The single use case we selected for Region 10 was wildfire tracking and wildfire smoke tracking.

To find ways to address the priority data needs for our region, we looked at technical aspects of the data ecosystem and conducted an environmental scan to do a SWOT analysis. We identified four strengths, thirteen weaknesses, eleven opportunities, and eight threats. Some examples are included here on this slide. For example, an existing strength in Region 10 was a culture of collaboration across organizations and jurisdictions.

A weakness was insufficient technical capacity and training resources in many jurisdictions, which makes the use of technical processes and platforms difficult—especially when coupled with high workforce turnover, which was identified as a major threat.

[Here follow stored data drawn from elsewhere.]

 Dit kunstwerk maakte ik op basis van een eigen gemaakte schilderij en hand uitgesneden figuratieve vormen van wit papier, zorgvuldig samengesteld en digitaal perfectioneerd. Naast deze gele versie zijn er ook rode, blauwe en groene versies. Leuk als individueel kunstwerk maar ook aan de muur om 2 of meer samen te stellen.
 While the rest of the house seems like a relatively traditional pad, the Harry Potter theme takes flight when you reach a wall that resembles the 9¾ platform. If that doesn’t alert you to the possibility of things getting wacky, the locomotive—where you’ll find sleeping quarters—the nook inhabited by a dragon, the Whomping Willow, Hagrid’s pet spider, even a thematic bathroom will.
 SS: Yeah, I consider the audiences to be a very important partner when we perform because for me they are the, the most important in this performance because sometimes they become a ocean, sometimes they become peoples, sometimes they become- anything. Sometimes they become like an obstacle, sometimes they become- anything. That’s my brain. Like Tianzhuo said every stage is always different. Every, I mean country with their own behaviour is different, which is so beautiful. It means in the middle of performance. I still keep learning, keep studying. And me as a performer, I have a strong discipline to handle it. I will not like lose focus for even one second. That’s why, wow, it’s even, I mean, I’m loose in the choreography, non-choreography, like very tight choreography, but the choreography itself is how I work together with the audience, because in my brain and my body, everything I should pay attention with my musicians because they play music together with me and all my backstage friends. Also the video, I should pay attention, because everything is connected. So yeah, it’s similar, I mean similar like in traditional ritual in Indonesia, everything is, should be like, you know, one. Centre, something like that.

As for non-technical considerations for our data ecosystem development work, we primarily considered these three aspects: governance, policy, and partnership.

We learned many lessons in our planning work and documented them in a technical report for Region 10. We came up with 86 recommendations and vetted those with our community of practice to guide the regional data ecosystem development. A few high-level ideas are captured here.

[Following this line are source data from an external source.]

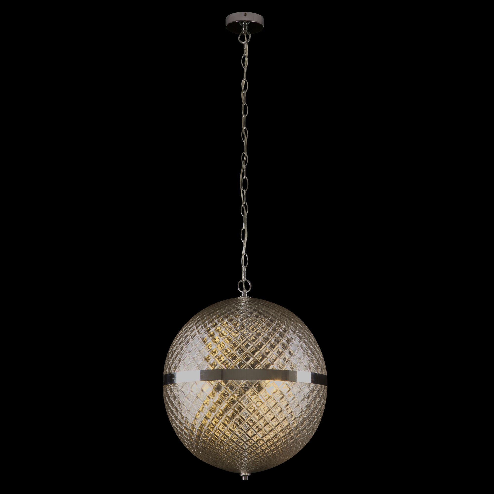Арматура – металл, цвет – хром. Плафон – прозрачное выдувное стекло. Сферическая форма с фактурным рисунком. Регулируемая высота.
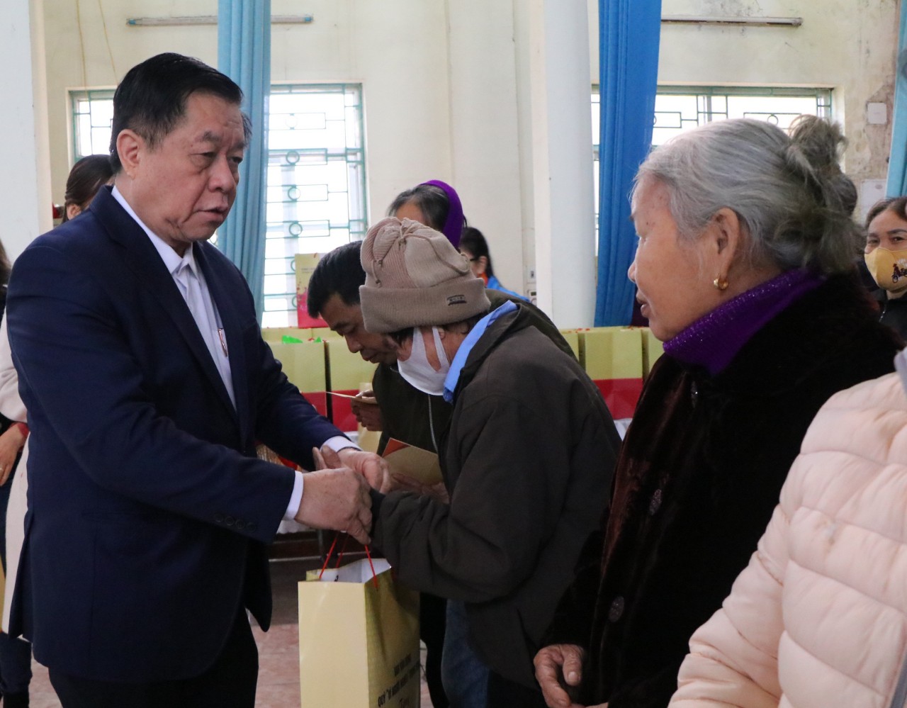 Trưởng ban Tuyên giáo Trung ương Nguyễn Trọng Nghĩa trao quà cho người dân có hoàn cảnh khó khăn tại Thị xã Phú Thọ.
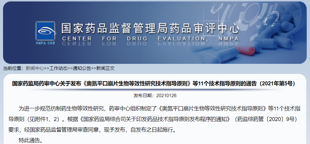 關(guān)于發(fā)布《奧氮平口崩片生物等效性研究技術(shù)指導(dǎo)原則》等11個(gè)技術(shù)指導(dǎo)原則的通告(2021年第5號(hào))
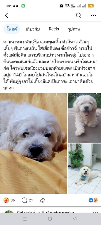 รอยตำหนิ: ฟันล่างเหยิน🙏ชิสุห์ผสมพุดเดิ้ล สีขาว เพศผู้ ฟันล่างเหยิน อายุมาก หายคืนวันที่ 6 ม.ค.69 ช่วงเวลาประมาณ 3 ทุ่ม ใส่เสื้อสีแดงตอนหายค่ะ 🙏พิกัด บ้านสวนแถวๆ ห่างจากมหาวิทยาลัยราชภัฎสามพร้าว อุดรธานีประมาณ 6-7 km. 🙏ติดต่อ บูม(เจ้าของน้องหมา) 092-7084249 ค่ะ

For example, use cases such as hazard tracking should drive ecosystem development to ensure its utility for PHEPR professionals. Another priority is to invest in documentation, especially to help minimize duplicate efforts in highly resource-constrained practice sites.

We also have some recommendations to support standardizing data collection and reporting so that such standardization can help downstream data integration and sharing work. Most of all, we included concrete recommendations to foster partnerships and trust-building for the data ecosystem development. It’s so foundational in our findings that we have it envisioned across the bottom of the slide.

Some of our lessons learned were most relevant to the processes and platforms needed for each stage of PHEPR data pipelines—from data collection to data sharing, and through the process of storage, preparation, and analysis.

While some of our other lessons learned were related to people.

Our community of practice in Region 10 highlighted the value and importance of using the same processes and platforms before and during emergencies. PHEPR practitioners and researchers really needed time before emergencies to develop the necessary trust, agreements, and technical familiarity to use the processes and platforms for collaborative response during emergencies.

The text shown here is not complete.